Some authentication schemes have a short-lived "authorization token", that is valid for like 5 minutes, and a longer-lived "refresh token", which is valid for like a week or two; and return a 403 when the authorization token expires to prompt the client to refresh the token. (See say, supertokens.com .) If your auth token expired in the middle of a multi-part download, it could cause this situation that triggered this bug.
So if you get less HTTP bytes than expected, then it’s a HTTP response error and you throw the whole thing away. For example, this sort of situation happens when streaming HTTP. The server first has to send the response headers, which would be a simple 200/206, then the data, which could have a much more complicated code path. If there is an error in that data code path, all you can do is close the connection and trigger an HTTP error since less bytes were delivered than advertised. Client needs to detect this and retry. While this may seem uncommon, this is well understood behavior for HTTP systems.
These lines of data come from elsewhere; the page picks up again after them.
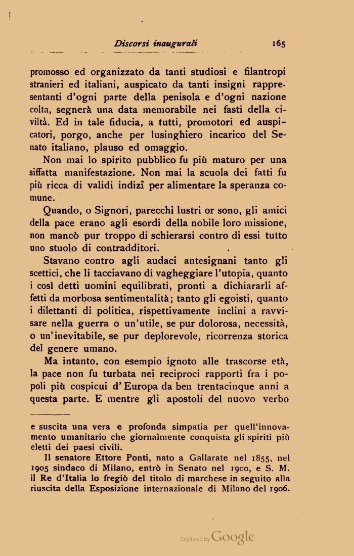 Quando, o Signori, parecchi lustri or sono, gli amici della pace erano agli esordi della nobile loro missione, non mancò pur troppo di schierarsi contro di essi tutto uno stuolo di contradditori.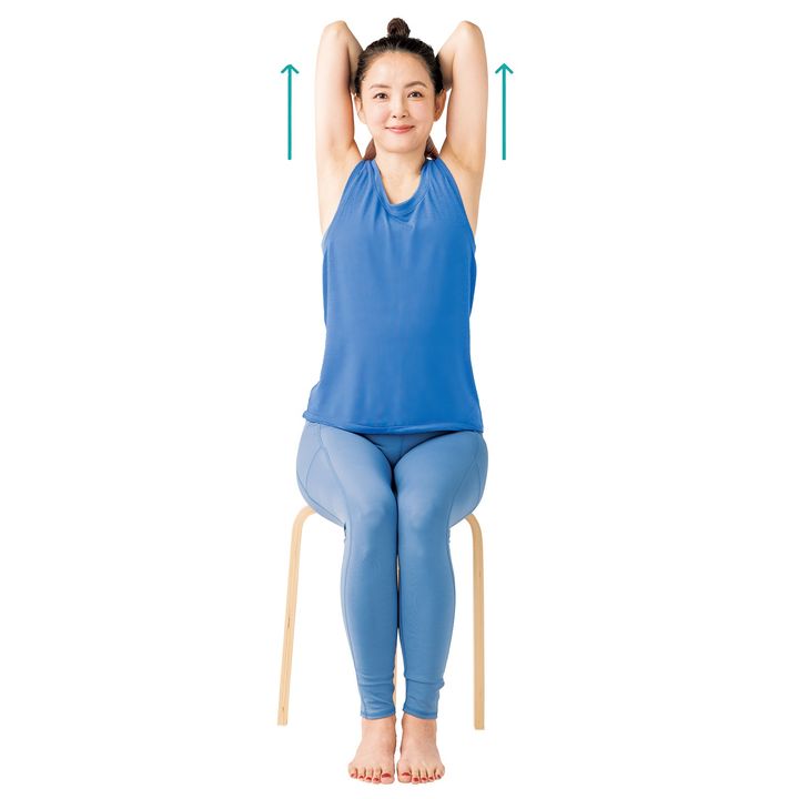 ②耳を挟んで肘が顔の前を通るように動かしながら、できるだけ高く真上に上げる。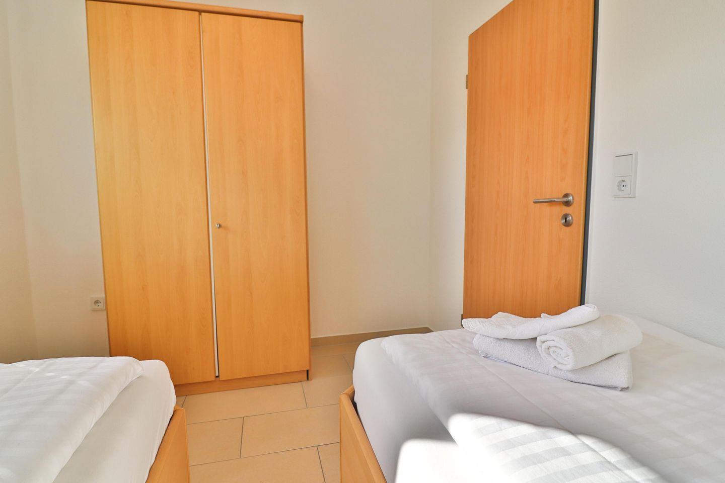 Diese Ferienwohnung verfügt über ein Hauptschlafzimmer mit einem komfortablen Doppelbett der Größe 180×200 cm, einem großen Kleiderschrank und praktischen USB-Steckdosen mit Leuchtfunktion zum einfachen Aufladen elektronischer Geräte. Das zweite Schlafzimmer ist mit zwei Einzelbetten der Größe 90×200 cm ausgestattet. Auch in diesem Zimmer steht Ihnen ein Kleiderschrank für Ihre persönlichen Gegenstände zur Verfügung USB-Steckdosen mit Leuchtfunktion.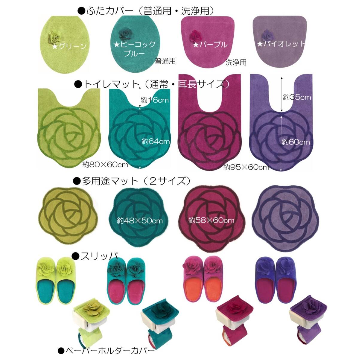 説明 大きなバラのフェルトモチーフの付いた温水洗浄・暖房用トイレふたカバー。ご使用になれない品番の便座がございますので、サイズ・適合表をお確かめのうえお買い求めください。トイレ空間をおしゃれに、個性的に飾っていただけます。ナチュラルなグリーン色、クールなピーコックブルー、モダンでエレガントなパープル色、個性たっぷりのバイオレット色と、選ぶ色でトイレが違った見え方に。4種類のサイズ・形状からマットを選んでいただけます。また、コーディネート可能なマットやスリッパ、ペーパーホルダーも取りそろえております。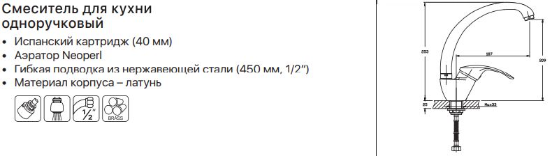 Призначення змішувачаДля кухонної мийки

Or more likely for a range download, you use the bytes you got and keep making further range requests, to get the whole resource in however many tries it takes. And the 403 would come through as soon as you hit an uncached part of the resource.
Unrelated but I cannot imagine anyone on this site still using Chrome. It's an advertising tool and with the change to remove Ublock and enforce DRM every more aggressively, it has so little to offer. I only use it for casting. Hard to see why anyone would use it for anything else at all.
While true for chrome, I suspect a lot of us (myself included) are using chromium or some derivative.